Compiler is a from-scratch CPU simulator paired with a simple assembler that can translate custom assembly language into binary code.
This project was originally started as a Java implementation to learn the basics of CPU simulation and assembly.
That version has now been archived and preserved in the java-archive tag.
The active development is now focused on the Rust port, due to its closer alignment with systems programming concepts.
Note: You’ll need Rust installed to run these Rust-based tools.
- The CPU executes basic instructions like data movement, arithmetic, conditional jumps, input/output, and halting.

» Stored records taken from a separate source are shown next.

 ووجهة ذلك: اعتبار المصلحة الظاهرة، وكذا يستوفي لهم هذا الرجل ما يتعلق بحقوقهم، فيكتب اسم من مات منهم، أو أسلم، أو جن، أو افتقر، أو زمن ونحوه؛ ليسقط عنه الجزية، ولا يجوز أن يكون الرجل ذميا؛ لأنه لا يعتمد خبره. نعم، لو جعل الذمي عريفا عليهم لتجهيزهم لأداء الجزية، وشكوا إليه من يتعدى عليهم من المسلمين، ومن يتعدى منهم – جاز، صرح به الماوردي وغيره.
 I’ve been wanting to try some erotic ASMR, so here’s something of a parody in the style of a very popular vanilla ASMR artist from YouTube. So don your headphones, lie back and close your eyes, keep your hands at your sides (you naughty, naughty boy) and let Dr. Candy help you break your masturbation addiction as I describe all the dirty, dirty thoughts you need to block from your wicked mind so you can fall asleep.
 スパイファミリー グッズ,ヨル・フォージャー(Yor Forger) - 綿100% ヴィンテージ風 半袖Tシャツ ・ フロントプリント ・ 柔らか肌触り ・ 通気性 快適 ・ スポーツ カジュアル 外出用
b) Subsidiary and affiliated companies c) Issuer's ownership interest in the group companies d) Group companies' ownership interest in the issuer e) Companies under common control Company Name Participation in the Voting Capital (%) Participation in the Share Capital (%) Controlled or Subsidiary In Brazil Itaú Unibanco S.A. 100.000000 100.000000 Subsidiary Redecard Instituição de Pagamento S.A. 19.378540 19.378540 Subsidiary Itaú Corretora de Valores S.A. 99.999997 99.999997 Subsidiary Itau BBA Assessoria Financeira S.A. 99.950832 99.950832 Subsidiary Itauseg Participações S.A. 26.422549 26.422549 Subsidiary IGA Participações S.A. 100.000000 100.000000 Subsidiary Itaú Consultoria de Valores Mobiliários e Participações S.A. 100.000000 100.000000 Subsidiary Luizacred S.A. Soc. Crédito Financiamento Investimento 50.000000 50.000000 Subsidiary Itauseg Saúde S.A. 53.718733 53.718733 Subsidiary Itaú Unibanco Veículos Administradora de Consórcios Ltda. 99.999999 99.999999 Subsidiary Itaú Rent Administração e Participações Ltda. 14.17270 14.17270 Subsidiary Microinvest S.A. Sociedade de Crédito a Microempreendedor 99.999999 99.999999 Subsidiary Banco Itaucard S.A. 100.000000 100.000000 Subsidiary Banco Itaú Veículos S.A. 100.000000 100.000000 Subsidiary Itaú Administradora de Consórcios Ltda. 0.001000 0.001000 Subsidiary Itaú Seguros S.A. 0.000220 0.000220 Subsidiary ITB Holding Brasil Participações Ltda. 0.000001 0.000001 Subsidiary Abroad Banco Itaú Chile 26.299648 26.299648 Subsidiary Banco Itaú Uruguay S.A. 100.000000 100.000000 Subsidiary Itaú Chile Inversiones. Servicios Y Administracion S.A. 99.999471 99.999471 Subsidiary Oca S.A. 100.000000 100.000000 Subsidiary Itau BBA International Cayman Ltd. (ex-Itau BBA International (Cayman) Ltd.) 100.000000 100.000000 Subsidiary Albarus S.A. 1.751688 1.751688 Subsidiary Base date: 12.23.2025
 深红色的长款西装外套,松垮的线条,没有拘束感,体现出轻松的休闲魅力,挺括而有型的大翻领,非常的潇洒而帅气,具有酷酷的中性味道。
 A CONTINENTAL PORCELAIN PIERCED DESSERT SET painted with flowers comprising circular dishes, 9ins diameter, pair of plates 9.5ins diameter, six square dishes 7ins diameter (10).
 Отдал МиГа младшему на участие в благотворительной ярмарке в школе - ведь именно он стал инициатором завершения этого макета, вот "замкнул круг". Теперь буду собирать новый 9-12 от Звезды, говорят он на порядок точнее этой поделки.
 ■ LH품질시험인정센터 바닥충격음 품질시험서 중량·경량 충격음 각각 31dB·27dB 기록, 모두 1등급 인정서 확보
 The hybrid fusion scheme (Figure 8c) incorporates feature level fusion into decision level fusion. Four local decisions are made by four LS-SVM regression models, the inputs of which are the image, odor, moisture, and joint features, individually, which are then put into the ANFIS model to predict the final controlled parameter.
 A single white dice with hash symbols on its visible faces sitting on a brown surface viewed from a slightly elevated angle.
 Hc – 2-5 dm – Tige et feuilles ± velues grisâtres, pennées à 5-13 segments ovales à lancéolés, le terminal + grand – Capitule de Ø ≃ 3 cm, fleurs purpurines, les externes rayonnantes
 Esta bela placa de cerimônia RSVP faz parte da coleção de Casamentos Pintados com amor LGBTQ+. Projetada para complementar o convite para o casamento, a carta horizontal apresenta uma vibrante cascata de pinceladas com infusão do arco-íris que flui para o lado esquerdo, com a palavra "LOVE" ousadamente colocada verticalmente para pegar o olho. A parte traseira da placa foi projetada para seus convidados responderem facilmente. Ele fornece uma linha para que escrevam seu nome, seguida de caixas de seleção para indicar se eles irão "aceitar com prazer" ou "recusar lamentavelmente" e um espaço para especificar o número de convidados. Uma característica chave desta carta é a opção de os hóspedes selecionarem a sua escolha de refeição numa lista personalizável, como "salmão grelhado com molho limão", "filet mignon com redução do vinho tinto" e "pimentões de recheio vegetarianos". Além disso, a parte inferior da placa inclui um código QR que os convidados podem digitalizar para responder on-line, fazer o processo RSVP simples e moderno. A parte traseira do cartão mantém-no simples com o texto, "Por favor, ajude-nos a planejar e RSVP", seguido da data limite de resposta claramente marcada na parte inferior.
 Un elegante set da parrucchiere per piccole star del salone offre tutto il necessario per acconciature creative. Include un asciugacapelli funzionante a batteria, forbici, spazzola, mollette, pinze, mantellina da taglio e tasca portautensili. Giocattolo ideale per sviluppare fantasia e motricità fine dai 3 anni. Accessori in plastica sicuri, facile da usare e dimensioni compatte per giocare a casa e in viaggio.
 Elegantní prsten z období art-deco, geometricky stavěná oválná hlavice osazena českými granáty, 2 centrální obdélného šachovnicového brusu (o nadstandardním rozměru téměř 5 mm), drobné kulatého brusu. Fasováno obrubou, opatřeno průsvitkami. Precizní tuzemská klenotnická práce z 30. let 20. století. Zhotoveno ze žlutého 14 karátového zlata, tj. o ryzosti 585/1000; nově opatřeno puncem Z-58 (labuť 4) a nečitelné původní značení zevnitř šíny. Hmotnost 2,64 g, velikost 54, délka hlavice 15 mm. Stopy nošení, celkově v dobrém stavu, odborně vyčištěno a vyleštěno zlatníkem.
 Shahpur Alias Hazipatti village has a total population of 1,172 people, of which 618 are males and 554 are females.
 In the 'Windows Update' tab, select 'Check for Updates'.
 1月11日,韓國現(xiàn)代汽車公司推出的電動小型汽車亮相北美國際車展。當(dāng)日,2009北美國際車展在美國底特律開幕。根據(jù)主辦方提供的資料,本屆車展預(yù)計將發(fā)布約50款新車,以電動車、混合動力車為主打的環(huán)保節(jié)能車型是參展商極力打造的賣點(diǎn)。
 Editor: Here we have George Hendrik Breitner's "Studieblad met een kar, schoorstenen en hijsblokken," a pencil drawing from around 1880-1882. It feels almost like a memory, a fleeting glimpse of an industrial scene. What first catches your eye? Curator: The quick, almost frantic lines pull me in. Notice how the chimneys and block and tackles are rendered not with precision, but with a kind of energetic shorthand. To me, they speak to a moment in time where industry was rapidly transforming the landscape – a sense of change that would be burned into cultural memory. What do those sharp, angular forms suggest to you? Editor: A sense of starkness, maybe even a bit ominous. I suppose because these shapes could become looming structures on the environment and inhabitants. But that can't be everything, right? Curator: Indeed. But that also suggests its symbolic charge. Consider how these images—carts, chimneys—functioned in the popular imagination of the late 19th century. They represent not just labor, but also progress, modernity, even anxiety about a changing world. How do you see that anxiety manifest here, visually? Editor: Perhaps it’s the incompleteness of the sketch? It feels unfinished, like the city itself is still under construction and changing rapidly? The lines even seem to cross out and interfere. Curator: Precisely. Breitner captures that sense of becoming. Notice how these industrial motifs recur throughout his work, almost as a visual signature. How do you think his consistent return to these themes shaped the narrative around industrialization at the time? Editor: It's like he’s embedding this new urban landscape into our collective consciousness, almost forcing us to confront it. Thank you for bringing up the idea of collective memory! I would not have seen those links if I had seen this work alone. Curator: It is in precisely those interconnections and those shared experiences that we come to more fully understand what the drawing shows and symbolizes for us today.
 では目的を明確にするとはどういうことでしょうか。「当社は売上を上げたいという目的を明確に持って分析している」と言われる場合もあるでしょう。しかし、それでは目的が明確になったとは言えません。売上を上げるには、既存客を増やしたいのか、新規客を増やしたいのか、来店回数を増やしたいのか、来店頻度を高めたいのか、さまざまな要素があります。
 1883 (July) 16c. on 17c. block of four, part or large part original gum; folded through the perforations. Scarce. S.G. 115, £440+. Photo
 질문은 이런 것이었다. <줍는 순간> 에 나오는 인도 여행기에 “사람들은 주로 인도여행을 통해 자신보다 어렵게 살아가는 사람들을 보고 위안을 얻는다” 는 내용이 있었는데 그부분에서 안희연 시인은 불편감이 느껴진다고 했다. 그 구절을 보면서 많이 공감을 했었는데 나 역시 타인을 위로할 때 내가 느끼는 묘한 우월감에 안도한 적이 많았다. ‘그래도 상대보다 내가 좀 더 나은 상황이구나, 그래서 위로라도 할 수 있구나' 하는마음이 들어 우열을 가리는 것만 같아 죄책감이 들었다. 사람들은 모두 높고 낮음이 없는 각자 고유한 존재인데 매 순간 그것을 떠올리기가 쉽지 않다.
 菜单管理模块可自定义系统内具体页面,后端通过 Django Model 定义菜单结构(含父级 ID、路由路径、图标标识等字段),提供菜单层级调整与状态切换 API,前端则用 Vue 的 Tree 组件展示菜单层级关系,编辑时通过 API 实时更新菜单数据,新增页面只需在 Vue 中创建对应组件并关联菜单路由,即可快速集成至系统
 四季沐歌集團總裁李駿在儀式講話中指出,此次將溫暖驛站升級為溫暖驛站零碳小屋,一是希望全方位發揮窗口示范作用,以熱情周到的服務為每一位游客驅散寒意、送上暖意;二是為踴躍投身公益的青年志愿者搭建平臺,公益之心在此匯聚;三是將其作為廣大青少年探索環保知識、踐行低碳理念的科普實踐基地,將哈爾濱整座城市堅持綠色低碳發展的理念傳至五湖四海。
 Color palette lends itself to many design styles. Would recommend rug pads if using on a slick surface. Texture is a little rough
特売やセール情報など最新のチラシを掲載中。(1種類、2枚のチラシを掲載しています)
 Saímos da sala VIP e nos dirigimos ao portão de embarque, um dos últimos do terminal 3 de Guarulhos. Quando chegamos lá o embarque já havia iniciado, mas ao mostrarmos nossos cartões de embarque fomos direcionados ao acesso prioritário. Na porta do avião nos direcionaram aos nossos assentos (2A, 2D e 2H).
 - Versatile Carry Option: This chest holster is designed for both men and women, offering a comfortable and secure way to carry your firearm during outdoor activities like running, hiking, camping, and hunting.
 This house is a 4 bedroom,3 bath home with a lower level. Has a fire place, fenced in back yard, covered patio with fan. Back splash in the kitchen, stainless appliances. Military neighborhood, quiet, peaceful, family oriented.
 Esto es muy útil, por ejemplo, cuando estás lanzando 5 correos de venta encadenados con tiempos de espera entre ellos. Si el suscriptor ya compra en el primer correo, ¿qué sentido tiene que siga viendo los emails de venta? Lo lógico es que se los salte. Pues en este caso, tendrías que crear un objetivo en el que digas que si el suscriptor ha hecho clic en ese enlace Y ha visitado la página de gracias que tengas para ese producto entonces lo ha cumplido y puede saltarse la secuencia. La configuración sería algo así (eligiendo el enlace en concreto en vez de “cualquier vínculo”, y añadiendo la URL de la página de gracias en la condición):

- The assembler converts human-readable assembly into a
.binfile, which the CPU can then run.
This project is being built to learn system software and understand how CPUs work at a low level.
- Quick Start
- Components
- How It Works
- Examples
- Verification
- Current Limitations
- Future Improvements
- Motivation
You have two options to run the tool:
You can download the latest pre-compiled executables for Windows, macOS, and Linux from the Latest Release page.
Just download the .zip archive for your operating system, unzip the file, and you're ready to go!
Example assembly codes are present in the repository in the examples folder.
-
Clone the repository:
git clone https://github.com/Varun-Chakraborty/compiler -
Navigate to the project directory:
cd compiler -
Here you can optionally build the project in release mode if you want to run the binaries or can just use cargo run as described in point 4.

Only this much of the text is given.